1.10. Convenience: module and class stack

Repeating the module and the class each time a function, method, type or constant is addressed by means of qualified identifier (dot notation) can become a little annoying. Therefore the extension is equipped with state stacks for modules and classes.

Modules

Once you push a module name to the stack, all subsequent qualified identifiers for objects will be assumed to belong to that module:

.. wtrl_push_current_module:: test_docitem_module_3

This pushes the module name to the module stack and creates a message in the document:

Classes and functions below this point implicitly belong to package/module test_docitem_module_3.

Now since we have a default module, a class in the module is simply addressed by for instance:

.. wtrl_autodoc_class:: MyClass

instead of

.. wtrl_autodoc_class:: test_docitem_module_3.MyClass

In order to close the domain of the default module, add a directive:

.. wtrl_pop_current_module:: test_docitem_module_3

and in the text you will see:

Default module qualifier test_docitem_module_3 ends here.
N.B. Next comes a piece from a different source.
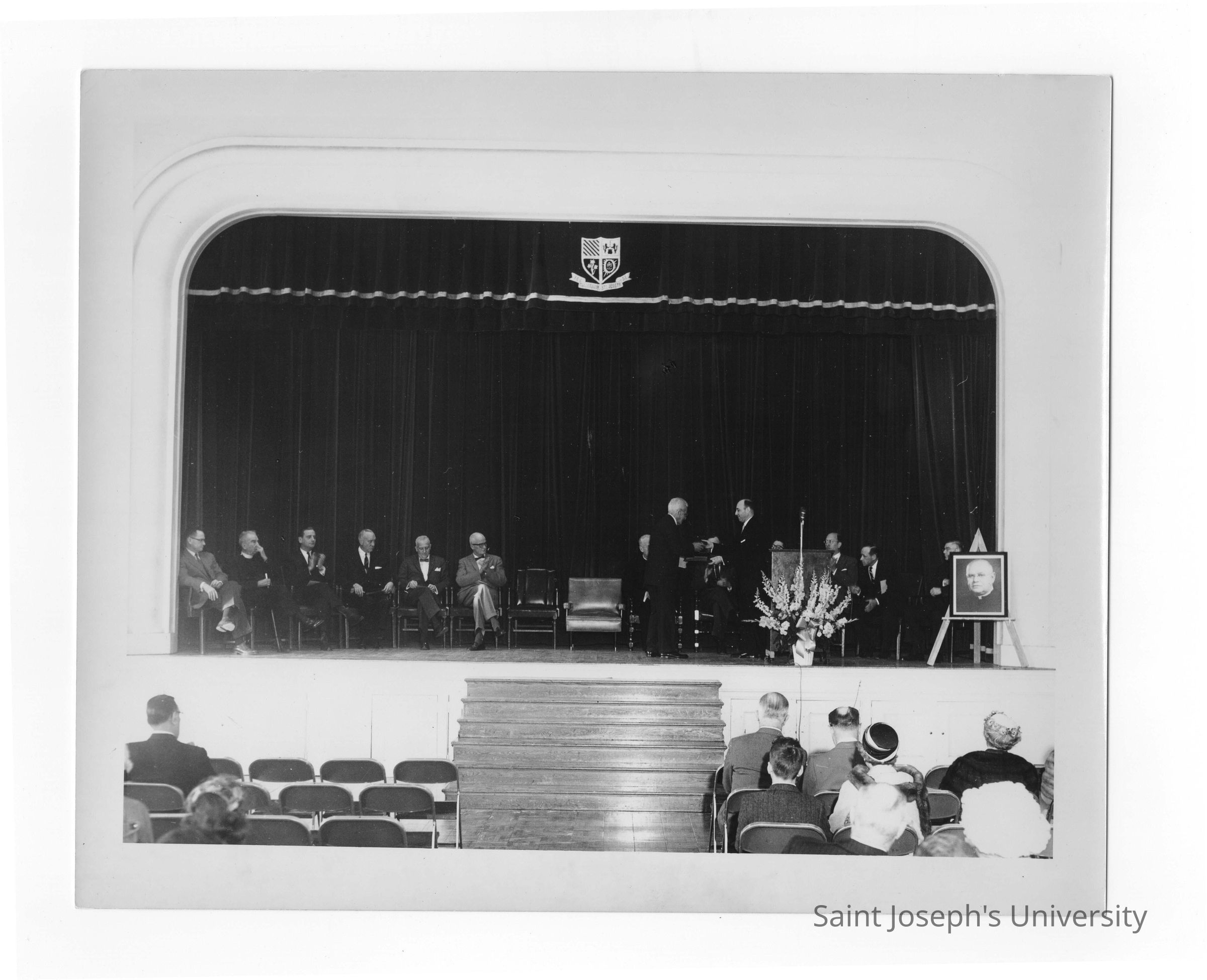 Shaffrey award ceremony for Dr. J. Parsons Schaeffer in Flanigan auditorium, 1959.

No default module active.

Classes

The same mechanism is provided for class level as well. The purpose here is to avoid repeating the class name over and over again in comprehensive documentations of methods. The push-command reads:

.. wtrl_push_current_class:: test_docitem_module_3.MyClass

which creates a text snippet:

Methods below this point implicitly belong to class test_docitem_module_3.MyClass.

whereas the pop-command is

.. wtrl_pop_current_class:: test_docitem_module_3.MyClass

which is rendered as:

Default class qualifier test_docitem_module_3.MyClass ends here. No default class active.

1.11. Project Name

This subsection is informative.

The name of the project is loosely inspired by the song “Waterloo Sunset” by The Kinks, which refers to the London Underground station Waterloo. The station itself, in turn, is named after the Battle of Waterloo in Belgium.

Any deeper semantic connection to the project should not be assumed. Nevertheless, the historical reference is not entirely inappropriate.